Enrolment doubled going into the second year of the Vancouver School Board's Aboriginal Choice school on East Hastings, "The plan was to start small and grow slowly," says Vonnie Hutchingson, principal, "although we've doubled our enrolment." The majority of the new enrolment is in kindergarten. The VSB called the school-within-a-school an 'Aboriginal Focus School' and established it as the school year began at 1950 E Hastings Street in 2012, an open door to Indigenous Education.
"It's a great location, big classrooms and students in them from kindergarten to grade 4," says Hutchingson. The school started as K to 3, this year is K to 4, and next year will be K to 5." Students will be able to progress through their elementary years within the Aboriginal Focus School. New students will be coming from different agencies, and Hutchingson has been working with remarkable success with Headstart in East Vancouver as an example.
The Aboriginal Focus School is located at Sir William Macdonald Elementary School. Aboriginal and non-Aboriginal students from Metro Vancouver are welcome to enroll in this unique and innovative school.
The curriculum continues to expand to accommodate the new grades and growing number of students, "It continues as designed," she says. "The school district allows autonomy for some of the program and the development of some curriculum features the Aboriginal culture and theme. We worked with federal government and local school authorities, we comissioned some artwork and purchased paintings, we have a Salishan artist's work at the entrance, doors have been redone, carving is represented."

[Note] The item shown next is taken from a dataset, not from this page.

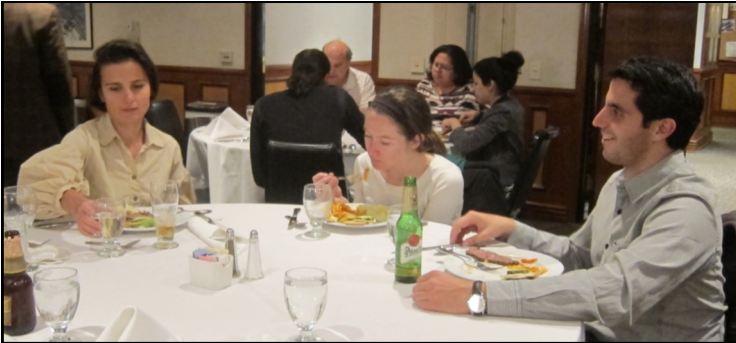
Bons vivants at the 2013 INCOSE-LA Holiday Party. (left)

Time ran out before those in attendance were finished talking, but there is always the aforementioned Strategic Planning Meeting at which the discussions can be resumed and resolutions determined. The Board of Directors would like to thank those members who took the time to attend and to provide their valuable inputs. The Board would also like to express its appreciation to the members and volunteers who have done so much to make this Chapter of value to the membership at large.

It's urban education that is new in B.C. Enrolment stood at six after the Vancouver School Board approved opening in the spring of 2012. Registration materials were distributed in the hope the school would open with a minimum of 12 students, which it surpassed in it's initial opening. “The focus has to be on parents, family and community, and what it is that they want for their children,” said Hutchingson, an educator from Haida Gwaii with Haida and Tsimshian heritage and growing success in the education system to be awakened to the needs of Aboriginal students.
Hutchingson has an education degree from Simon Fraser University in the early 1980s and taught elementary and secondary school in Prince Rupert. She rose to principal of a new school but knew success for Aboriginal students was not happening, "I thought, we have all the bells and whistles, the physical envelope was beautiful, but we still weren't having the kind of success that I would like to see for Aboriginal students.” Hutchingson took a job in the provincial Ministry of Education as Aboriginal Coordinator then Director of Aboriginal Education through the 1990s where she put an emphasis on analyzing and reporting Aboriginal graduation rates. “What we know from research is that if you focus on an area, that area will grow,” she said. “The performance levels of aboriginal students has grown and they are doing better, but it seems to have plateaued.”
The history of education in Aboriginal life is presently being written by the Truth and Reconciliation Commission (TRC). The TRC records the message from generations that attended Residential Schools in Canada from 1920s to 1970s. Few argue statistics on education in modern-day Aboriginal life are abysmal in a direct cause-and-effect aftermath of the Residential School system. What else explains the reality that in the City of Vancouver, for example, only 32.1 percent of Aboriginal youth will achieve their Dogwood Diploma, whereas the percent for non-aboriginal students is 82.5?
It remains a system that is failing kids and Hutchingston is joined by others searching for ways to improve Aboriginal graduation rates in the province. School District 57 in Prince George put together an Aboriginal Education Task Force in 2008 to report to the Aboriginal Education Board (formed in the mid-1990s). The priority was to increase academic achievement levels (that are at critical lows similar to Vancouver). The task force succeeded in stepping toward a solution when the 'Aboriginal Choice School' -- Nusdeh 'Yoh House of the Future -- began operations in Prince George in 2010, the first Aboriginal choice school within the public school system in the province.